Course content sample


Digital and print handbook for yoga teachers in training


Excerpt

Meditation 1 – Awareness, concentration, and mindfulness


Meditation is an umbrella term for a wide range of contemplative practices, taken from a wide range of sources.


As a yoga teacher, it can be useful to think about meditation as an adjective or an adverb: what does it mean to do something – washing your hands, eating an orange, doing a stretch, breathing – meditatively, in a meditative way? Are there certain states of mind we associate with the term? Are there certain ways of moving or being still?


Modern postural yoga often encourages us to build awareness through the body. You may have had experiences of becoming very alive to the sensations running through your body during a pose, movement, or breath. Or you might have a dedicated mindfulness practice already.

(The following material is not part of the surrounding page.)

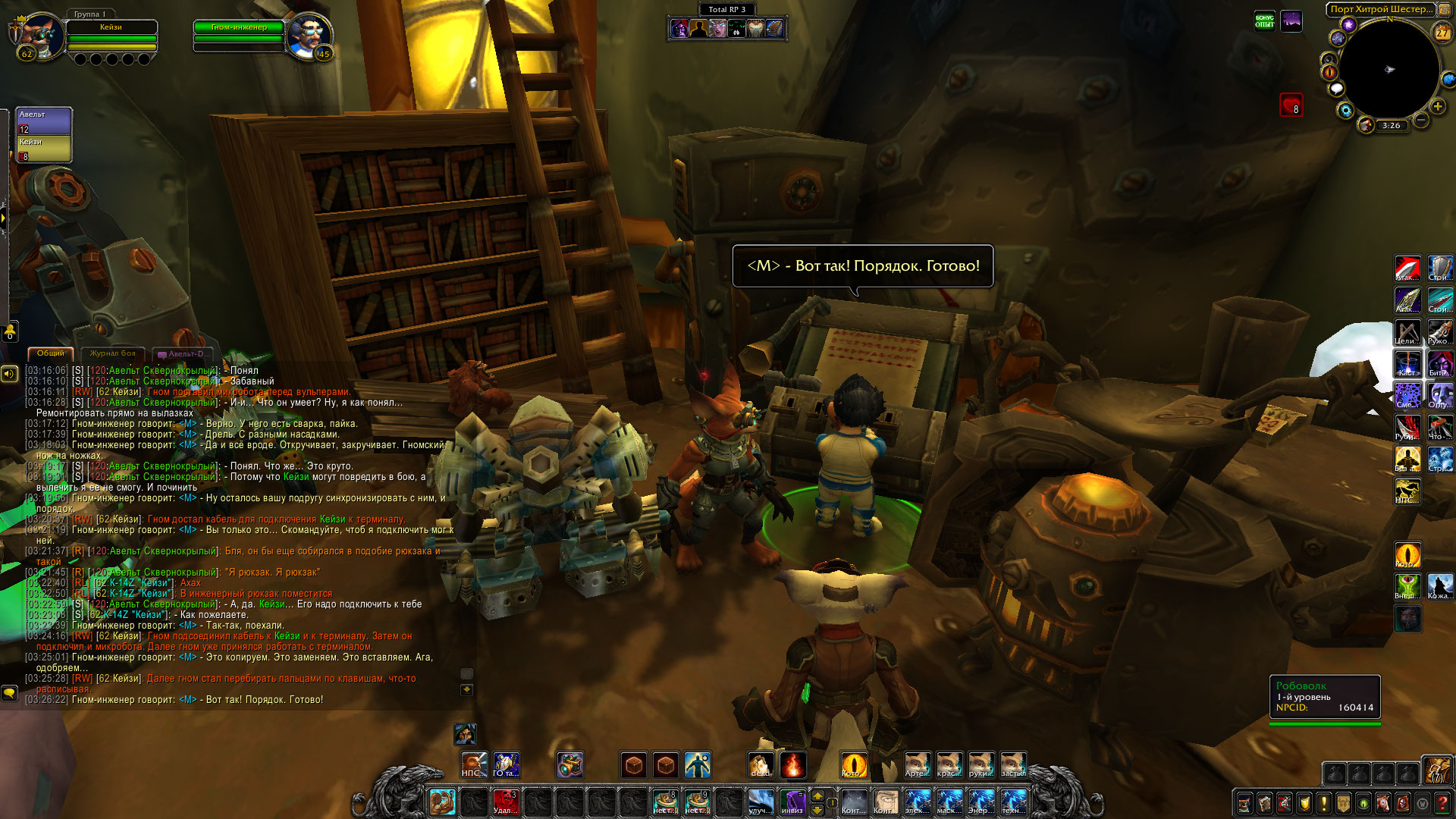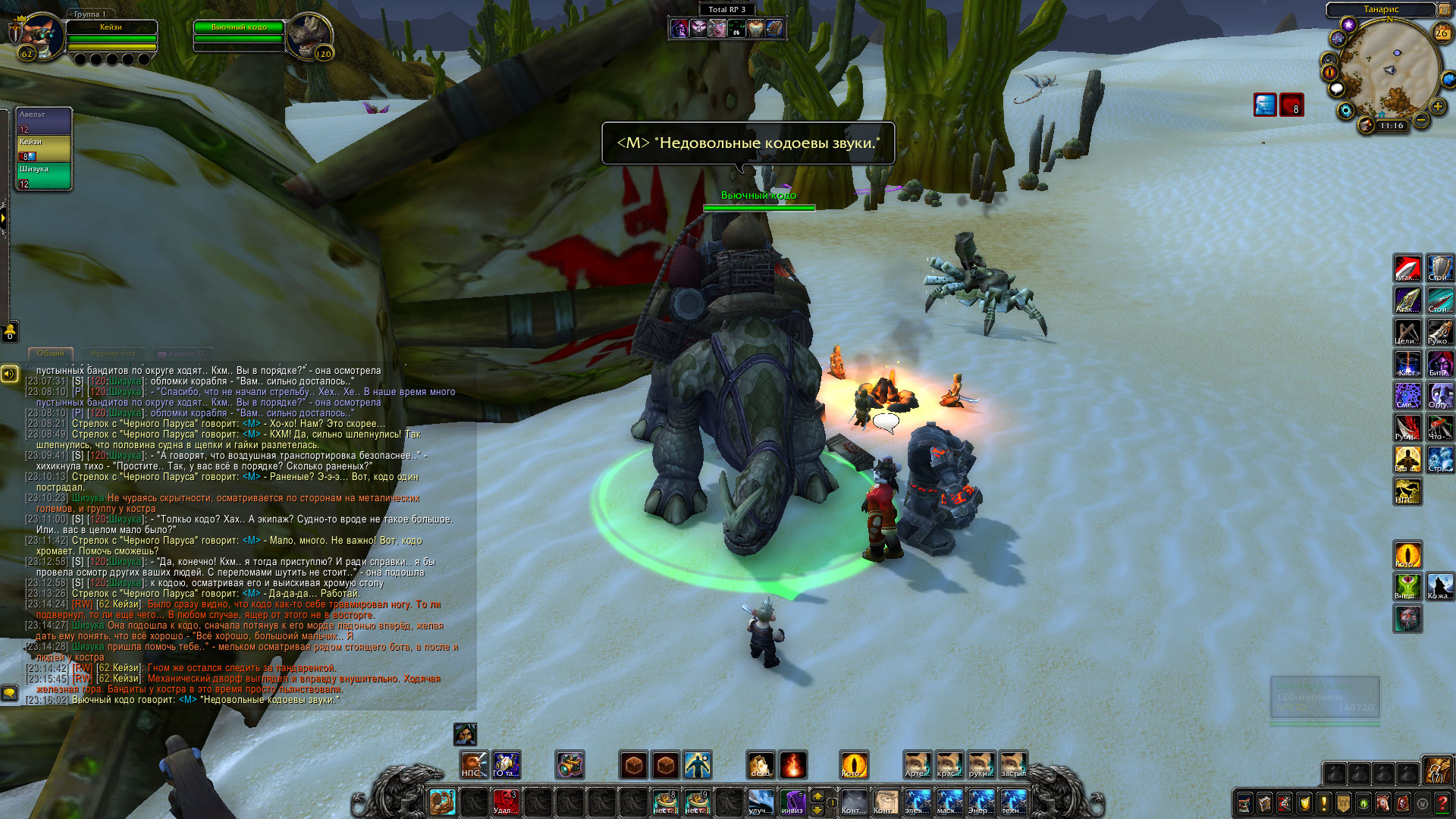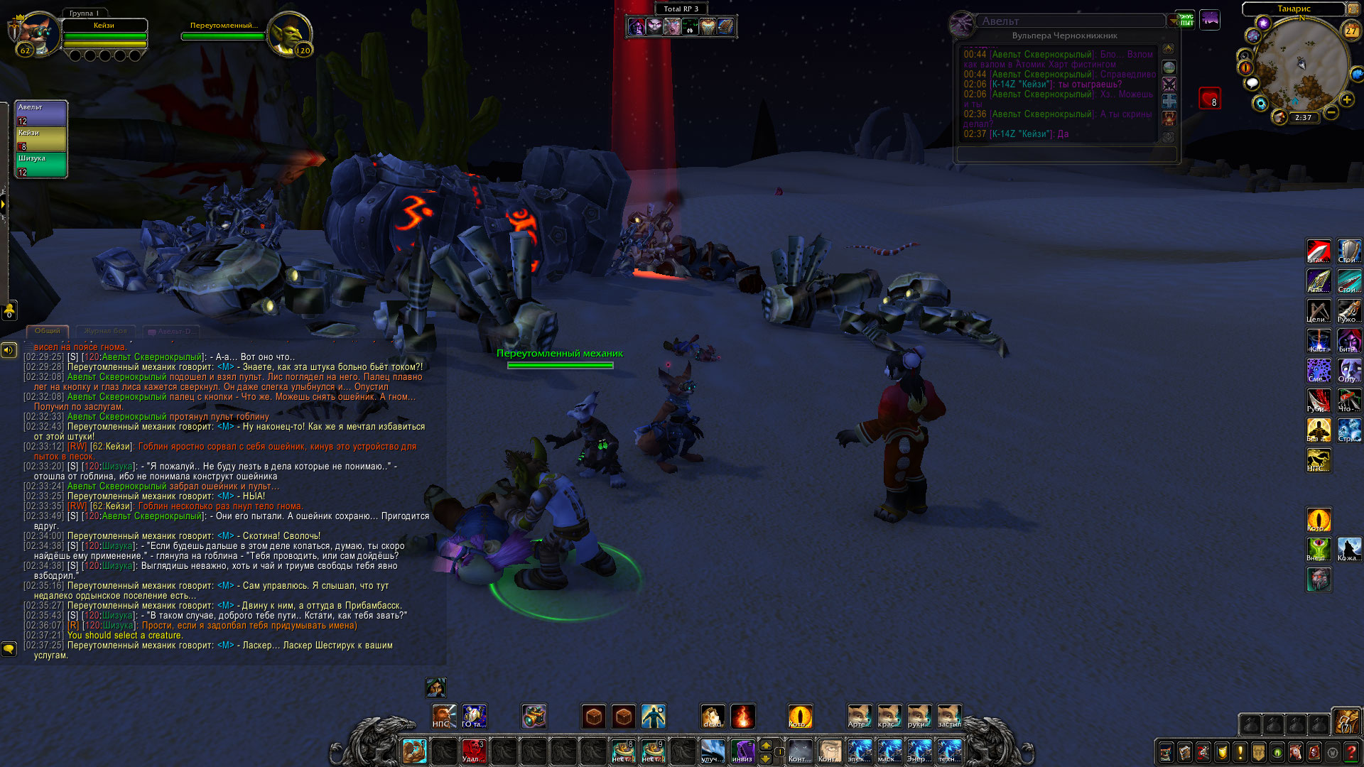 Авельт и его команда при поддержке Бульдо Быстрогона одолеть ещё одну группировку той загадочной банды, что таскает при себе кучу техники. Механические дворфы были отключены и доставлены обратно Бульдо. Гном в свою очередь позаботился, чтобы часть его изобретений была переправлена из Танариса обратно в Каз Модан, чтобы служить во благо общество. Шизука вылечила кодо по имени Бочек и помогла освобожденному из плена гоблину Ласкеру, который позднее отправился в Прибамбасск, чтобы предупредить своих боссов об этих бандитах. Авельт в ходе обыска тел убитых механиков бандитов прибрал к своим лапам крутые гномские инженерные очки, а также забрал себе электрический ошейник с пультом от него, что был у гнома-прораба. Также группа получила от Бульдо в распоряжение робота-помощника, который будет проводить полевой ремонт, а также переносной генератор защитного поля. Генератор необходимо проверить в деле перед тем, как его можно использовать в бою.

In this section, we’ll focus on meditation practices that help certain qualities of focus or awareness to arise. Many of these practices are about giving ourselves space, time and resources for the mind to calm and settle by itself.


For example, you can gently gaze at the point of a candle flame in a dark room, or lay down to notice all the different sensations in your body. And this also includes ‘mindfulness meditation’, a range of different techniques for noticing what's happening inside you, and around you. All of these ideas come from a wide range of traditional contexts and communities; we'll explore a little of these rich histories later.


Asana, pranayama and the rest of a yoga practice can already be hugely meditative. And the same is true of art-making, washing up, sweeping, walking, dancing, singing and drinking tea. But many meditation teachers still recommend setting aside a regular slot in your day for still, seated meditation. This can be deeply nourishing in itself, and also supportive of your asana and movement practice.


There are many ways to find a style of meditation practice that works for you. One approach is to try a wide range of practices, giving each the time and space that feels right. Trust your instinct, take time to reflect, and discuss your experiences with other meditation practitioners.


Try to remember that meditation does not describe an end goal, or a perfected state of mind. It’s a practice, something that you do because it supports you and those around you in some way. Perhaps its brings a feeling of slowness, or of being connected with the people around you. Perhaps it helps you rest, or trust your emotions, or many other things.